A buddy of mine and I are working on our first frame. It's his 52 Henry J that hes building into a street rod version of an old gasser. This might be a lot of information but I'm proud of it. We used c-clamps on all the welds to keep the gaps from wandering.
***If inserting direct links to the images does not work I will attach them in order***
General information about the frame: the front rails extend back onto the middle rails with a 6 inch overlap. The middle rails go back towards his middle crossmember which is the mounting point for his rear kickup rails. There will be an x-member fabricated and installed just before the middle crossmember. The kickup rails extend over the rear axles along with the kickdowns. We have actually taken about 3 schooldays to put this together minus the time laying it out on the floor and taking the measurements we need. The whole rear section is tack welded in place and only needs a full bead around both rails and then the frame is complete. We plan on having the steering setup and suspension installed and then installing the x-member before school is over. What I am really proud of is that the whole frame measuring across from the front to rear was only an 1/8th of an inch off of the original frame and the angles of the kickups and the height all the way around matched the original perfectly.
A few pictures:
Car at ride height. Keep in mind that he is making it into a gasser which is why it is going to sit this way. (He's not using this body. Was only purchased for mach up)
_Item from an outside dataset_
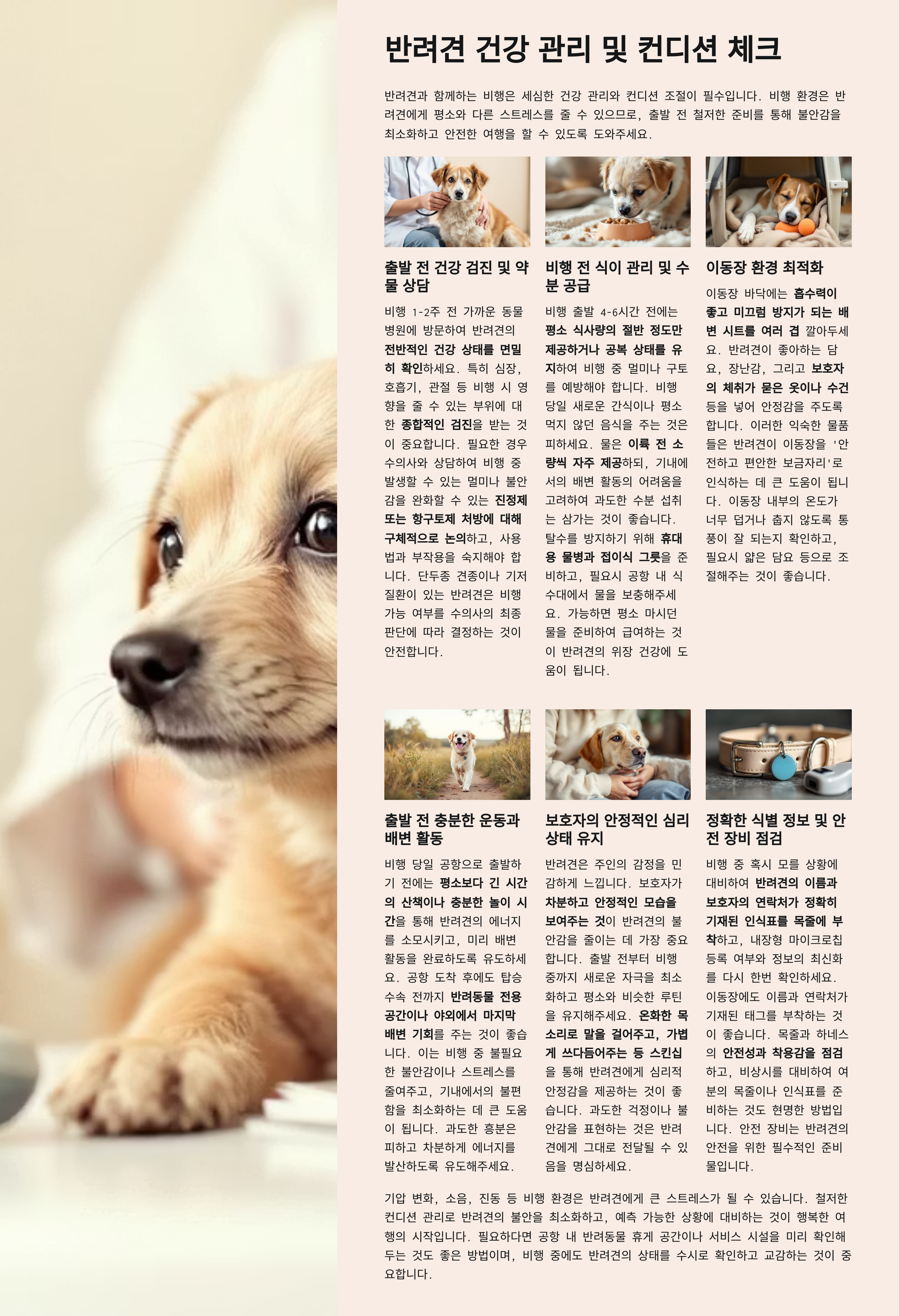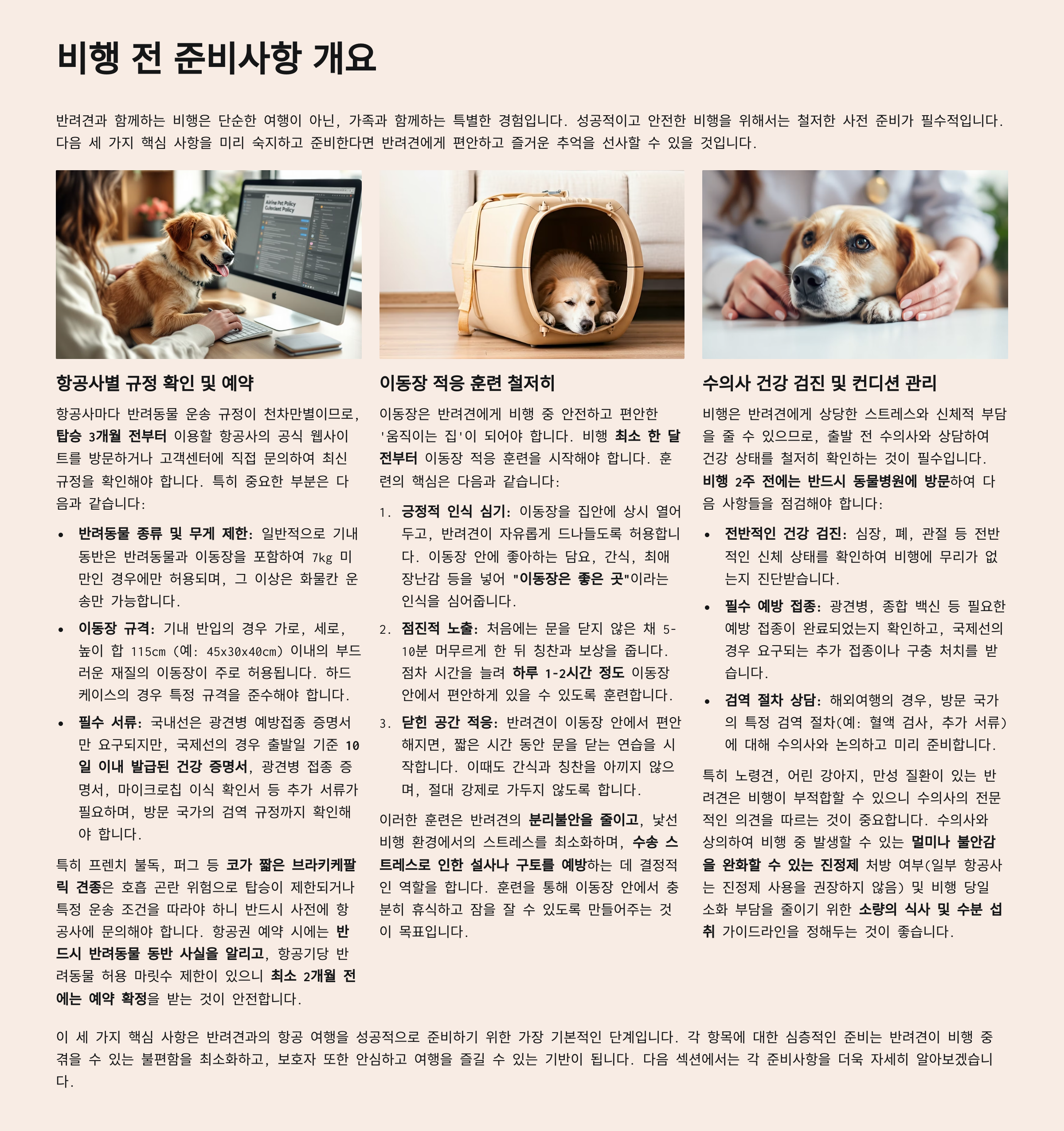 비행기 탑승은 강아지에게 낯선 환경과 장시간 이동이라는 스트레스를 동반하므로 철저한 사전 준비가 필요합니다.
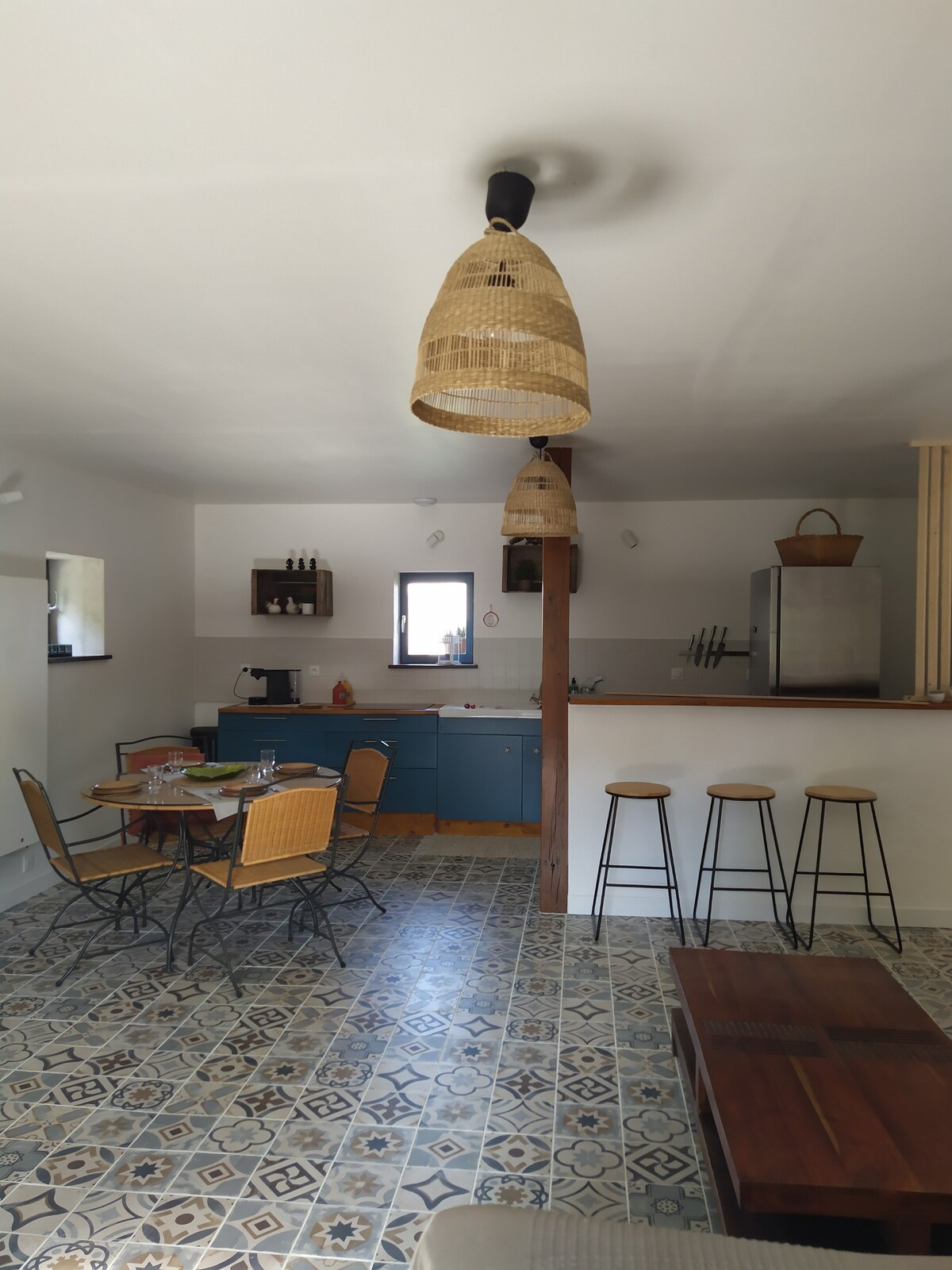 Bonita casa en el corazón del campo de Touraine. Es un lugar para que se reúna en pareja con un bebé y/o niño pequeño para disfrutar de la tranquilidad. Su alojamiento estará rodeado por un gran jardín arbolado, vallado con un aparcamiento privado y seguro. Cocina totalmente equipada, televisión, wifi. Habitación grande con cama eléctrica de 160, televisión, armario grande, cuna, cama infantil. Cuarto de baño e inodoro. Salón jardín, mesa bar exterior, plancha...

The front section (no kickups installed yet). The roundtubing on the front rails was a scrap piece we made to keep the front rails from moving around when welding in the crossmember.
The 6 inch overlap. This was welded in with tacks 8 tacks around for precautions. The actual welds are 6-8 continous beads around the overlap. We switched sides on the metal after each weld to make sure it would not distort the metal and maintaining level. We ran the beads over the tacks for constant penetration which is why they don't look as pretty as they could.
The crossmember was welded in place the same way.
My friend just getting done laying the first bead on the rear frame rails. Done the same way as the others except with a sleeve behind the connection and 8 plug welds all around the main beads.
My rear frame rail after completion.
My friend laying a bead on his side of the rear crossmember.
The master at work...
Here is where magic happened. We rummaged around in the scrap bin to find metal we could piece together for supports for the rear frame rails. The kickups had to be placed perfectly on the middle crossmember or the rear crossmember could not be bolted to the body. Every angle, length, width and height demensions could be off if it wasn't placed perfectly squared onto the crossmember. We plan on holding the rails up at an estimated height just by looking and onto the crossmember the same way and tack welding the rails onto the crossmember and onto the supports. We planned on braking the tacks later to make needed adjustments. So I am holding the rails up and against the crossmember while he tacks them in place. He gets them tacked and we bring an angle finder over to see what adjustments we are going to need to make. The first angle is fine, and the second, third, fourth and the last angle, which was on the rear crossmember was at 0 which means it was perfectly level. We measured across the length, width, and checked for diamond and every measurement was exact. This was achieved by only looking at it and saying, "Yeah, that looks good enough to tack in place for now." We didn't need to make a single adjustment.
This is something I am personally proud of. A complete diagram of a side view of the frame. A lot of this layout came from a lot of hard thinking by me. Only the rear rails were made based off of the original frame. The rest of it was custom made off of this layout. Every measurement was based off of this layout and was checked with a layout of the original rear frame rails. We found every length, width, and angle to cut because of this layout.